The partnership brings together CIFOR-ICRAF’s global leadership in agroforestry science and landscape restoration with TERRAGRN’s established on-the-ground delivery model, one that is demonstrating how regenerative land-use systems can be implemented at scale, sustained commercially, and embedded within local livelihoods.
At the centre of the collaboration is the Mpumalanga Restoration Programme, which has begun with a 50‑hectare pilot focused on regenerative croplands, demonstrating how science‑led agroforestry systems can be implemented and managed with local communities. Building on the evidence and learning from this pilot, the partners are now working to scale the programme to an initial 5,000 hectares that will encompass degraded grasslands, croplands and wetlands in Mpumalanga, as a critical stepping stone toward a 50,000‑hectare landscape transformation. This phased multi-year approach demonstrates how restoration can simultaneously:
- Improve ecosystem function, increase biodiversity, and water security
- Strengthen local livelihoods and smallholder productivity through employment and skill development of youth and women
- Create new local economic activity and enterprise opportunities
- Deliver verifiable climate and nature outcomes aligned with international standards, tracked by Gold Standard
This programme now serves as a scalable blueprint for expansion within South Africa and beyond.

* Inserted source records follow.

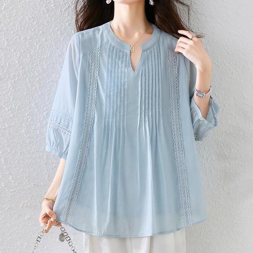 [에이치플러스몰]쉬폰블라우스 캐쥬얼 레이스 여자셔츠코디 빅사이즈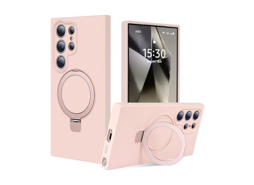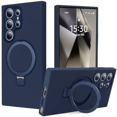 Jockvo Capa de telefone com suporte magnético invisível para Samsung Galaxy S24 Ultra de 6,8 polegadas, silicone compatível com proteção total de câmera de grau militar Magsafe, capas de telefone para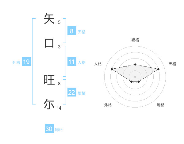 矢口 旺尓さんの総格は30画の2点!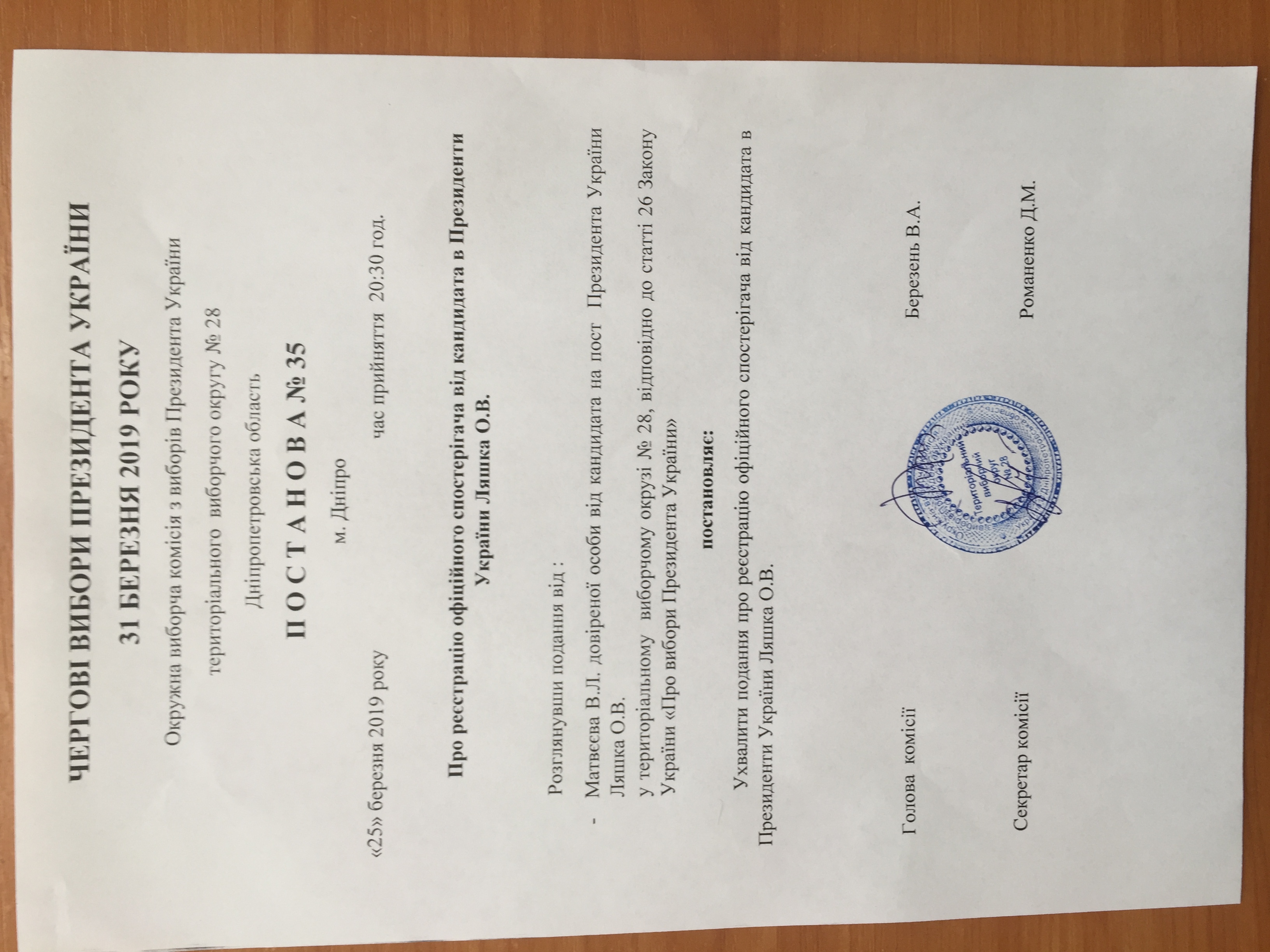 Про реєстрацію офіційного спостерігача від кандидата в Президенти України Ляшка О.В. |

Under the partnership, CIFOR-ICRAF will lead scientific and technical design, providing landscape frameworks, restoration system typologies, research protocols, and robust environmental and social safeguards. This ensures programmes are grounded in the best available science and aligned with global evidence and policy. TERRAGRN will lead implementation and scale, drawing on its established delivery platform to mobilise communities, manage operations, deploy digital tools, and translate scientific design into durable, real-world outcomes.
The partners will jointly mobilise catalytic and blended finance, including grant, concessional, and risk-tolerant capital – to support programme development and early-stage scale-up. TERRAGRN will also structure and securelong-term offtake and revenue mechanisms, spanning nature-based commodities and services, to underpin financial sustainability and reduce reliance on short-term funding cycles.

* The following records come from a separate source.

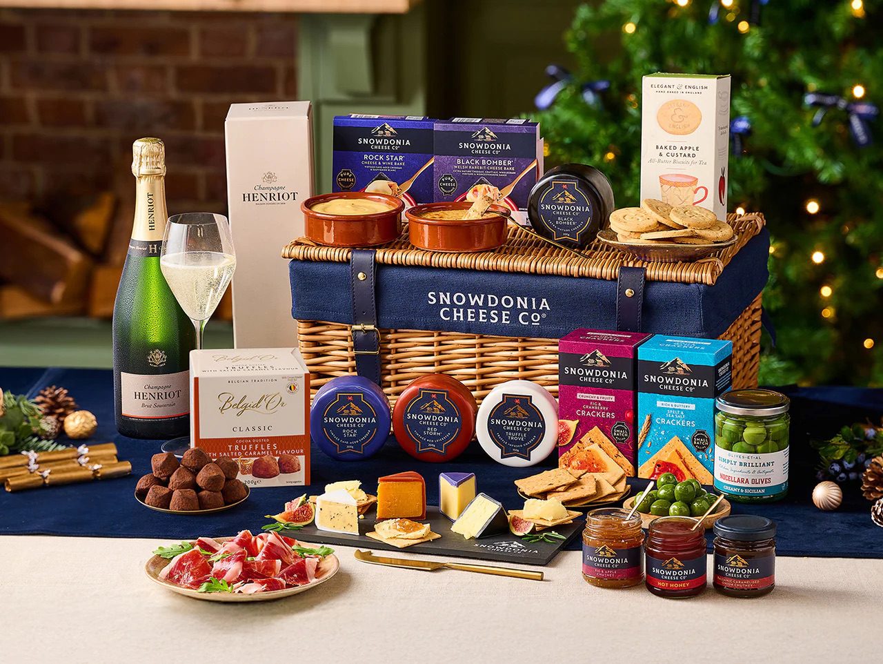 Luxurious feast this Christmas with this truly decadent wicker hamper, filled with Snowdonia Cheese Co favourites and indulgent gourmet pleasures from our guest producers. Presented with a stylish slate serving board are four award-winning Snowdonia cheeses – Black Bomber extra mature Cheddar; Red Storm vintage Red Leicester; Truffle Trove, our extra mature Cheddar infused with Black Summer truffle; and Rock Star, our vintage Cheddar aged in Welsh slate caverns.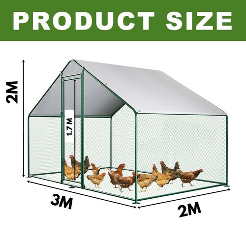 Looking for a spacious haven for your feathered friends? Look no further! Our premium chicken coop boasts an expansive 3m wide x 2m high x 2m deep space, providing ample room for up to 15 chickens or similar lovable critters. Crafted from durable galvanized powdercoated steel, this coop is built to last, ensuring years of protection and comfort for your cherished flock.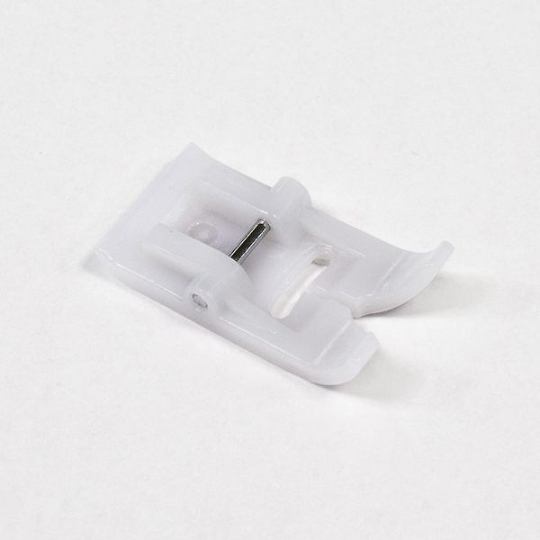 Лапка изготовлена из специального полимера, благодаря этому достигается хорошее скольжение и продвижение таких сложных материалов, как кожа, винил, замша. При шитье они могут прилипать к обычной металлической лапке, что влияет на качество строчки.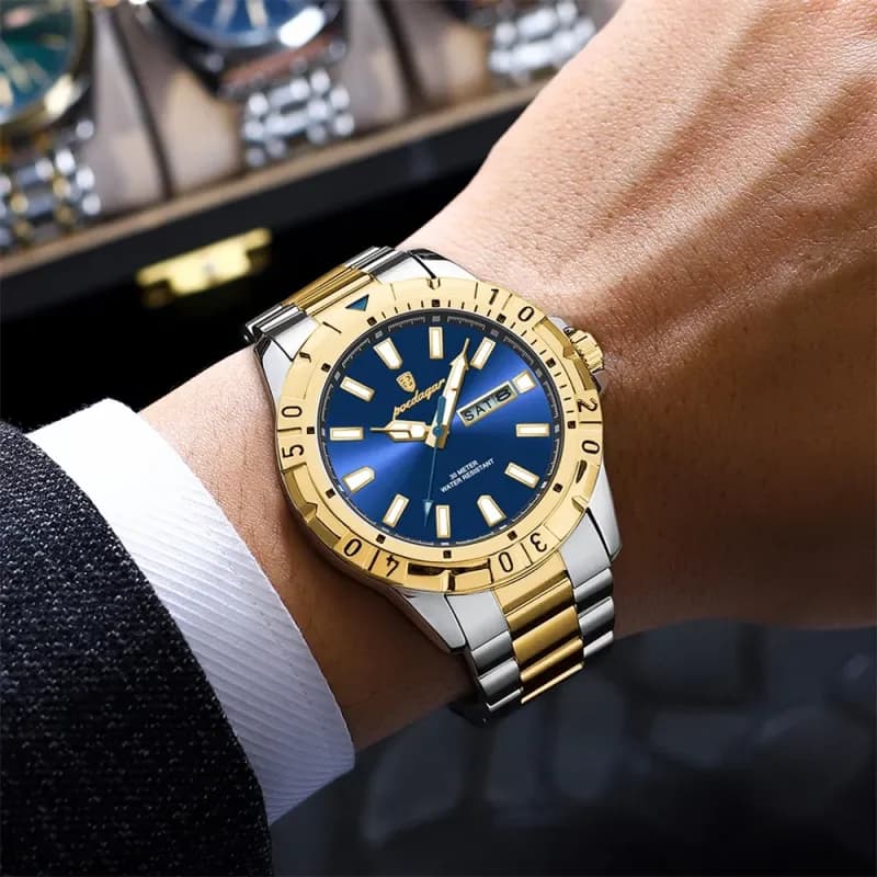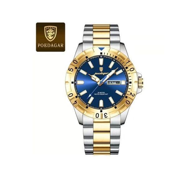 Gender: MenWatch Colour: Gold Green, Two Tone Gold, Silver Green, Silver BlueColour Quality: High Quality Electroplating Colour Watch Condition: Full Brand New Intact WatchBrand Name: POEDAGARModel Number: 959Place of Origin: Guangdong, ChinaMovement: Quartz, Japan MovementFeature: Day & Date, LuminousDial Window Material Type: Hardlex Crystal Clear Coated Glass Dial Diameter: 42mmCase Shape: RoundBand Width: 21mmBand Length: 20cmWatch Weight: Around 125gm ApproxClasp Type: Push Button Hidden Clasp (Butterfly Push Lock)Water Resistance Depth: 30m (Can Wash Without Any Doubt)Case Thickness: 11mmType: CHARM, Fashion, Luxury, sport, BusinessBand Material Type: Stainless steelCase Material: Stainless SteelDial Display: Pointer Single Index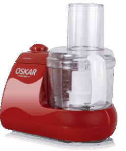 OSKAR mit Behälter, Deckel, Stöpsel, Stahlmesser und Rezepten.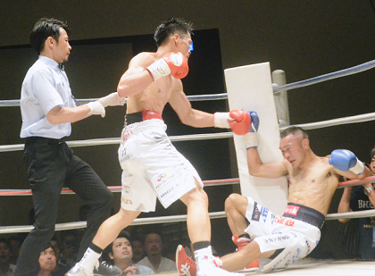 大阪・住吉区民センターのセミで行われたOPBFバンタム級タイトルマッチは劇的な展開に─。王者マーク・ジョン・ヤップ(六島)が初回に3度のダウンを奪われながら、前日本同級王者の益田健太郎(新日本木村)に4回2分59秒TKO勝ち。WBC世界同級7位につけるヤップが、WBC同級9位の益田との世界ランカー対決を制した。

Key areas of collaboration include:
- Science-led landscape and agroforestry system design
- Large-scale restoration delivery and adaptive management to enhance climate mitigation, resilience, and ecosystem function
- Integrated Measurement, Reporting and Verification (MRV), combining field data, remote sensing, and digital platforms
- Mobilisation of climate, nature, and development finance
- Development of bankable commercial models with secured offtake
- Investing in local skills, empowering women and youth and cultivating an entrepreneurial ecosystem grounded in inclusive community participation
- Knowledge sharing, policy engagement, and global learning
“By partnering with TERRAGRN, CIFOR-ICRAF combines its scientific credibility with a commercial restoration model that is already delivering at scale,” said Dr Eliane Ubalijoro, Chief Executive Officer of the Center for International Forestry Research and World Agroforestry (CIFOR-ICRAF) and Director General of ICRAF.. “This creates a two-way exchange: science informing delivery, and commercial discipline strengthening how restoration programmes are designed, financed, and scaled across CIFOR-ICRAF’s wider portfolio.”

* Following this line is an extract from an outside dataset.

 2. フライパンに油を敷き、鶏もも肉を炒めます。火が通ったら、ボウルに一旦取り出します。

The partnership is structured as a long-term, non-exclusive collaboration, with joint governance to ensure quality, transparency, and alignment with international environmental and social standards. While South Africa is the initial focus, the partners intend to replicate and adapt this model across Africa and other regions where regenerative land-use systems can deliver lasting ecological, social, and economic value.
“Mpumalanga has shown that regeneration works when science, communities, and markets are aligned,” said Sundar Bharadwaj, CEO of TERRAGRN. “With CIFOR-ICRAF, we are strengthening the scientific foundations of a model that is already delivering, so it can scale with integrity, attract long-term capital, and endure well beyond pilots and projects.”
Over the coming decade, CIFOR‑ICRAF and TERRAGRN aim to build a global portfolio of high‑integrity restoration programmes that can mobilise billions in climate and nature finance, support country NDCs, and provide a practical blueprint for governments, investors and communities seeking to regenerate degraded land at scale.